[Collected data]
<<<<

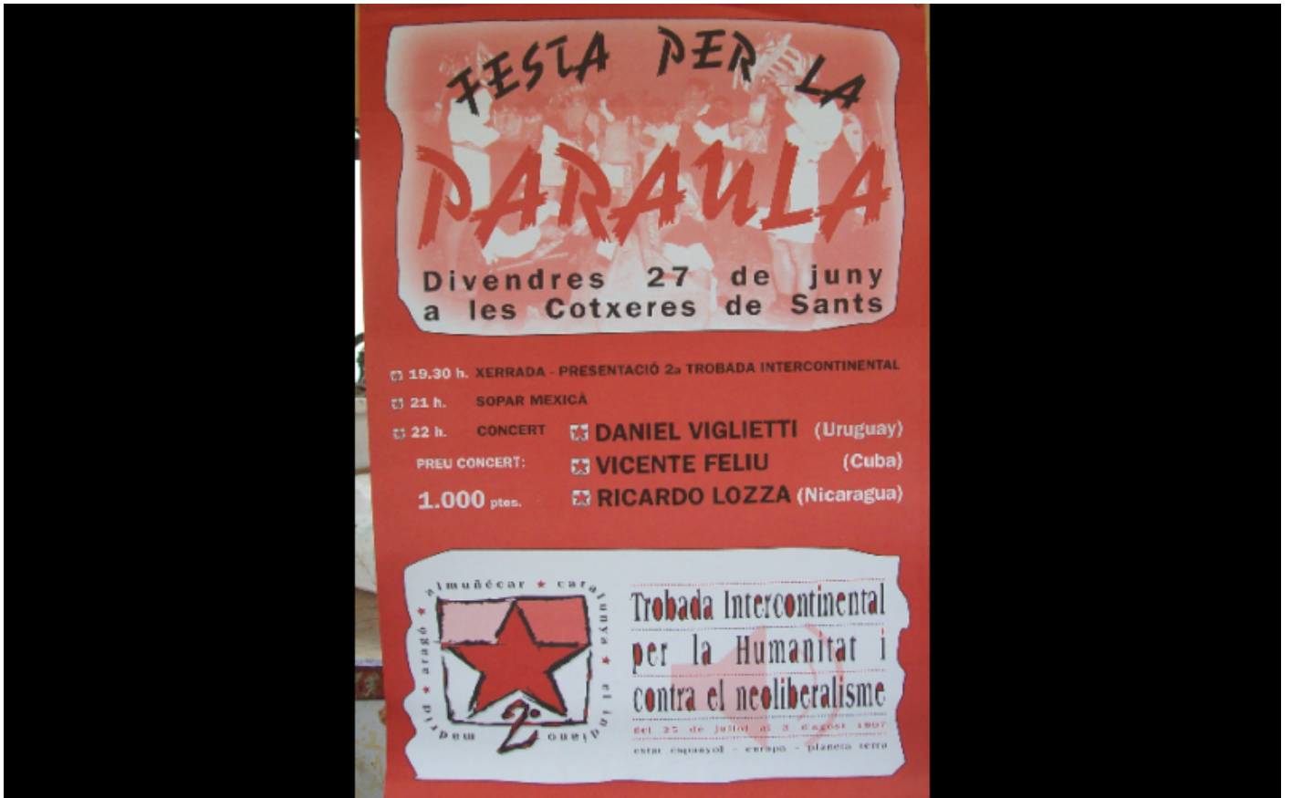
fête caravane zapatiste, Barcelone, 1997, 45x60.
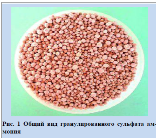
Рис. 1 Общий вид гранулированного сульфата аммония

Другим существенным недостатком подобного сульфата аммония является его слеживаемость при хранении. Мелкокристаллическая структура удобрения в результате сильно развитой поверхности является причиной повышенного содержания в нем влаги, что приводит к слеживанию продукта и срастанию кристаллов в крупные конгломераты. Равномерное распределение такого удобрения в почве сопряжено с большими трудностями. Поэтому большинство удобрений окомковывают в более крупные частицы с удовлетворительными свойствами посредством различных процессов, которые обычно называют «грануляцией».
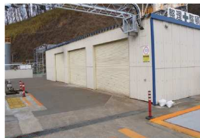
●受入棟 廃酸・廃アルカリはスクリーンで夾雑物を除去し受入、 廃油はエア駆動のポンプにて安全に受入します。

当施設は、福島県泉崎村中核工業団地に位置しております。 地域の産業廃棄物処理に寄与し、ダイオキシン類対策をはじめ、 安全と適正な処理に基づいた焼却設備により環境負荷の低減に努めています。
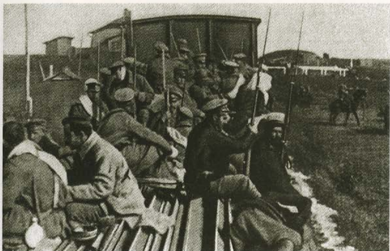
Бегство солдат с фронта. 1917.

Глава Временного правительства А. Ф. Керенский (второй справа) с ближайшими помощниками в бывшей царской библиотеке Зимнего дворца (третий слева — Б. В. Савинков).
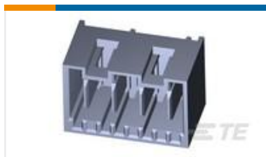
TE 产品编号1-1971895-4 4P, RAST 5 Tab Header, THV
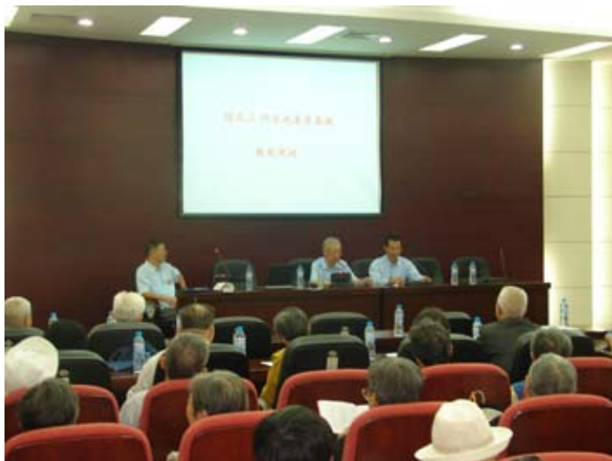
第27届校友毕业55周年纪念大会

聚会中一再高唱的《难忘今宵》、“白发银须情更浓,共祝祖国更富强”、“望自珍重保安康”,歌声寄情,激荡着每个人的心!
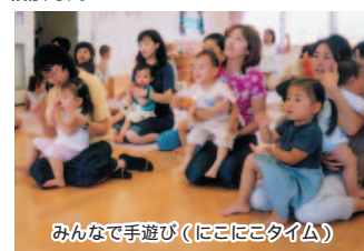
みんなで手遊び(にこにこタイム)

▶子育て相談 随時 / 保育士、心理発達相談員、看護師、栄養士による、育児や発達についての電話・来所相談
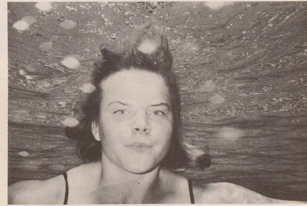
«Mir läuft das Wasser im Mund zusammen.»
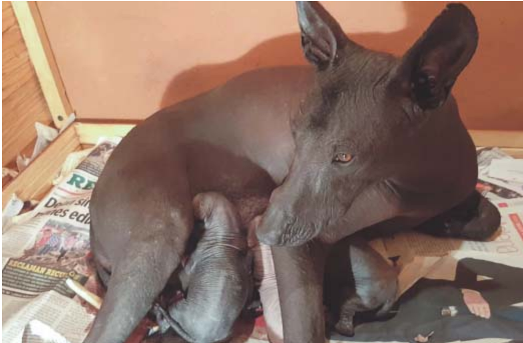
Fotografía 1. Hue Hue y sus cachorros 1 . Toluca, Estado de México. 2019.
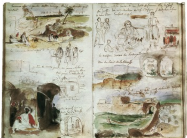
Eugène Delacroix. Carnet de croquis.1932
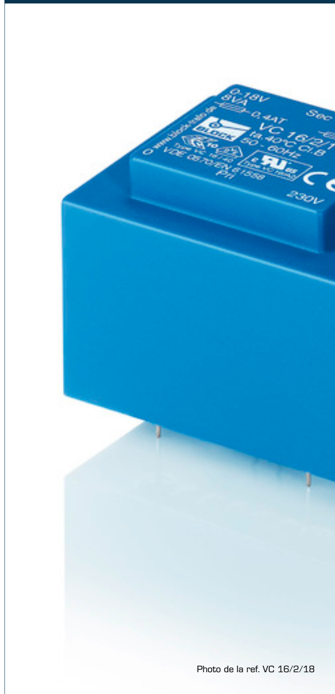
Photo de la ref. VC 16/2/18
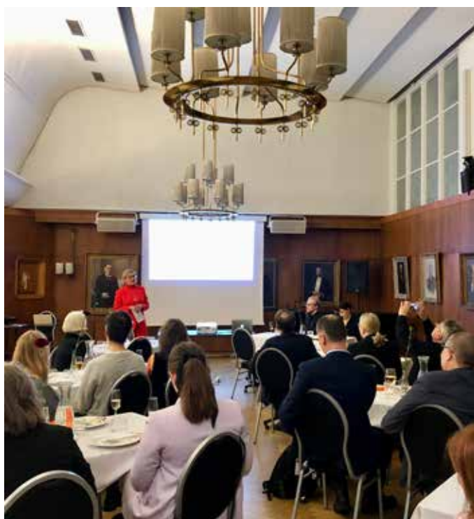
Suomen musiikkineuvoston eduskuntavaalivaikuttamistilaisuus 19.1.2023.
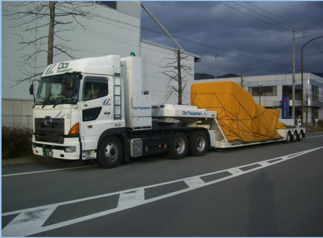
中落低床エアサストレーラ(35t積載・荷台長6,800mm、荷台高450mm)・舵切りステアリング機構付き
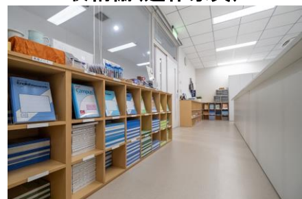
事務室:商品数と現場寸法に合わせた購買棚(造作家具)
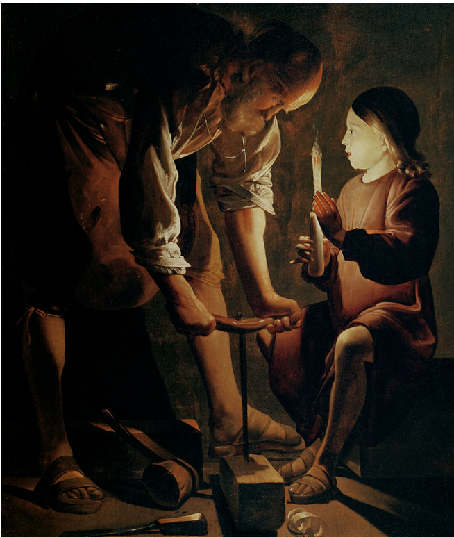
Georges de La Tour, Saint Joseph charpentier, 1645 musée du Louvre.

>>>>

* Exercise requirements
Your reply should restate the data above word for word and contain no pictures.

* Solution to the exercise
fête caravane zapatiste, Barcelone, 1997, 45x60.
Рис. 1 Общий вид гранулированного сульфата аммония

Другим существенным недостатком подобного сульфата аммония является его слеживаемость при хранении. Мелкокристаллическая структура удобрения в результате сильно развитой поверхности является причиной повышенного содержания в нем влаги, что приводит к слеживанию продукта и срастанию кристаллов в крупные конгломераты. Равномерное распределение такого удобрения в почве сопряжено с большими трудностями. Поэтому большинство удобрений окомковывают в более крупные частицы с удовлетворительными свойствами посредством различных процессов, которые обычно называют «грануляцией».
●受入棟 廃酸・廃アルカリはスクリーンで夾雑物を除去し受入、 廃油はエア駆動のポンプにて安全に受入します。

当施設は、福島県泉崎村中核工業団地に位置しております。 地域の産業廃棄物処理に寄与し、ダイオキシン類対策をはじめ、 安全と適正な処理に基づいた焼却設備により環境負荷の低減に努めています。
Бегство солдат с фронта. 1917.

Глава Временного правительства А. Ф. Керенский (второй справа) с ближайшими помощниками в бывшей царской библиотеке Зимнего дворца (третий слева — Б. В. Савинков).
TE 产品编号1-1971895-4 4P, RAST 5 Tab Header, THV
第27届校友毕业55周年纪念大会

聚会中一再高唱的《难忘今宵》、“白发银须情更浓,共祝祖国更富强”、“望自珍重保安康”,歌声寄情,激荡着每个人的心!
みんなで手遊び(にこにこタイム)

▶子育て相談 随時 / 保育士、心理発達相談員、看護師、栄養士による、育児や発達についての電話・来所相談
«Mir läuft das Wasser im Mund zusammen.»
Fotografía 1. Hue Hue y sus cachorros 1 . Toluca, Estado de México. 2019.
Eugène Delacroix. Carnet de croquis.1932
Photo de la ref. VC 16/2/18
Suomen musiikkineuvoston eduskuntavaalivaikuttamistilaisuus 19.1.2023.
中落低床エアサストレーラ(35t積載・荷台長6,800mm、荷台高450mm)・舵切りステアリング機構付き
事務室:商品数と現場寸法に合わせた購買棚(造作家具)
Georges de La Tour, Saint Joseph charpentier, 1645 musée du Louvre.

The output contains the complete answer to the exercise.